SENTINEL: A Fully End-to-End Language-Action Model for Humanoid Whole Body Control
Yuxuan Wang, Haobin Jiang, Shiqing Yao, Ziluo Ding, Zongqing Lu
TL;DR
SENTINEL tackles the challenge of teaching humanoid robots to follow natural language commands through end-to-end language–action mapping, removing intermediate motion representations. It builds a large, language-grounded dataset by using a pretrained whole-body controller to track human motions in simulation and annotating them with text, then trains a transformer-based model with a flow-matching action head to predict action chunks from language and proprioceptive history, complemented by a lightweight residual head for sim-to-real refinement. The approach supports multimodal extensions by translating visual or other sensory inputs into language signals and demonstrates strong language grounding, stable execution in both simulation and real-world deployment on a Unitree G1, and effective zero-shot sim-to-real transfer as well as waypoint navigation. These results suggest a scalable path toward language-driven, general-purpose humanoid control with robust performance under dynamics and perception variations. The work establishes SENTINEL as the first fully end-to-end language–action model for humanoid control without intermediate representations, with practical implications for accessible, adaptable robotic systems.
Abstract
Existing humanoid control systems often rely on teleoperation or modular generation pipelines that separate language understanding from physical execution. However, the former is entirely human-driven, and the latter lacks tight alignment between language commands and physical behaviors. In this paper, we present SENTINEL, a fully end-to-end language-action model for humanoid whole-body control. We construct a large-scale dataset by tracking human motions in simulation using a pretrained whole body controller, combined with their text annotations.

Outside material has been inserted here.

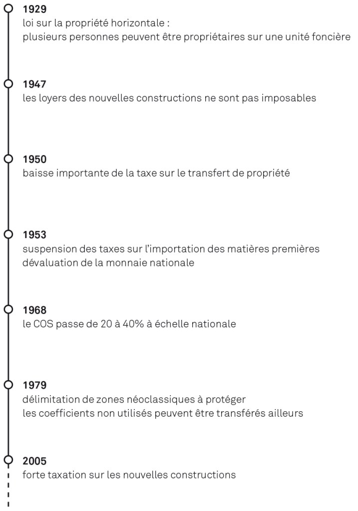 Afin d’encourager le système d’antiparochi, et en l’absence d’une politique du logement ou urbaine spécifique à Athènes, les pouvoirs politiques n’intervenaient qu’au niveau législatif et réglementaire, en promulguant des lois qui encourageaient ce système spontané : augmentation des COS, suppression des taxes sur les loyers et les matières premières, non-imposition des loyers etc.

The model directly maps language commands and proprioceptive inputs to low-level actions without any intermediate representation. The model generates action chunks using flow matching, which can be subsequently refined by a residual action head for real-world deployment. Our method exhibits strong semantic understanding and stable execution on humanoid robots in both simulation and real-world deployment, and also supports multi-modal extensions by converting inputs into texts.